Галеран посмотрел на друга с раздражением. Он не имел никакого желания обсуждать этот вопрос, по крайней мере, сейчас.

— Разве у него есть выбор?

— У него здесь ребенок, — возразил Рауль.

— И что с того?

— Ничего. Но только пока жив Галеран.

— Рауль, довольно.

Лорд Вильям шумно отхлебнул из кружки.

— Какой повод Лоуик может выдумать для поединка?

— Для поединка? — сухо рассмеялся Галеран. — Я все-таки еще не сошел с ума, чтобы биться с ним. Нет, Рауль тревожится о других, более верных способах.

—Если только он… — зарычал отец. — Да я вспорю ему брюхо и удавлю его же собственными кишками!

—Сначала придется доказать его вину. А когда человек уже лежит в могиле, иногда проще бывает не тревожить праха.

— Я потревожу, будь покоен!

— Так-то оно так, но меня уж не будет… Сейчас я прошу тебя об одном: дай мне несколько твоих людей, я пополню ими гарнизон Хейвуда.

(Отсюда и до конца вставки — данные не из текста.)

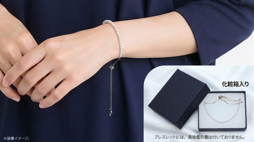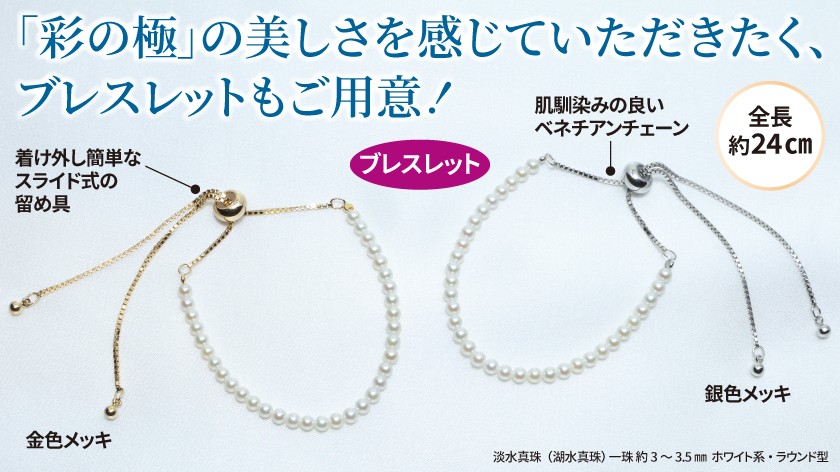 また、今回は、〈Premium湖水真珠「彩の極®」〉の美しさをお手元でも感じていただきたく、ブレスレットもご用意しました。ブレスレットは、ご自身の目で楽しんでいただけるジュエリーです。

Все еще хмурясь, лорд Вильям плюхнулся на свой огромный трон.

— Зачем?

— Хейвудский гарнизон много лет не обновлялся, — отвечал Галеран, подойдя к насесту, чтобы погладить беспокойного сокола. — Почти все солдаты родились и выросли в Хейвуде, Конечно, они должны быть верны мне, но могут поддержать и Джеанну, и даже Лоуика, которого знали еще мальчишкой. Ты знаешь, он умеет нравиться людям. Если со мною случится несчастье, я хочу быть уверен, что он не заявит своих прав на замок. Мне нужны люди, которые в случае надобности доставят Джеанну с ребенком к тебе в Бром.

— Чтобы я задушил ее?

Галеран молча приподнял бровь. Отец сокрушенно покачал головой.

— Знаю, знаю. Это моя слабость; я слишком мягок с женщинами. Я был крепче духом, пока не женился на твоей матушке. А теперь, стоит мне помыслить о правильном поведении, как я вижу глаза Мэйбл… — Он вздохнул, посмотрел на Галерана и Рауля. — Берегитесь женщин. Они из нас веревки вьют.

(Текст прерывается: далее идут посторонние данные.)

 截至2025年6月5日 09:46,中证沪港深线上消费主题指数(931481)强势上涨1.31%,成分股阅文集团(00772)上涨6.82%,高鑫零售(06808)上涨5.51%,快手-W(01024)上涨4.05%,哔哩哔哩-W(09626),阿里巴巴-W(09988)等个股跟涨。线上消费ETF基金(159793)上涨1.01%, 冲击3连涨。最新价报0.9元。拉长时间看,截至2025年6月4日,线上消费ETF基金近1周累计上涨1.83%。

— Раулю это не грозит, — усмехнулся Галеран. — Он сам вьет из них веревки, вяжет любовные узлы, а они знай воркуют.

Лорд Вильям язвительно взглянул на Рауля.

— Даже не надейся, что здесь ты сможешь делать то же самое, сэр. Наши северные женщины слишком благоразумны для ваших франкских забав.

Рауль отставил кружку.

— Если позволите, я проверю, правы ли вы, — и с этими словами устремился наперерез хорошенькой служанке.

— Что? — промолвил лорд Вильям, провожая Payля взглядом. — Что, во имя неба…

Галеран рассмеялся и уселся напротив отца.

— Ничего, отец. Просто Рауль оставил нас вдвоем из деликатности, чтобы мы без помех поговорили о наших делах. Пожалуй, даже ему не под силу соблазнить благоразумную северянку за то краткое время, что мы находимся под твоим гостеприимным кровом.

Лорд Вильям покряхтел для виду, но и ему не терпелось вернуться к прерванному разговору.

— Зачем ты ударил Джеанну? Думал, я ударю ее сильнее?

Галеран смотрел в свою кружку.

— Полагаю, я ударил ее потому, что хотел ударить. Но мне действительно нужно было, чтобы ты пожалел ее. Я вовсе не думал, что ты ударишь ее, нет, но… ей был нужен кто-то, кто защитил бы ее, а я не уверен, что сам смогу это сделать.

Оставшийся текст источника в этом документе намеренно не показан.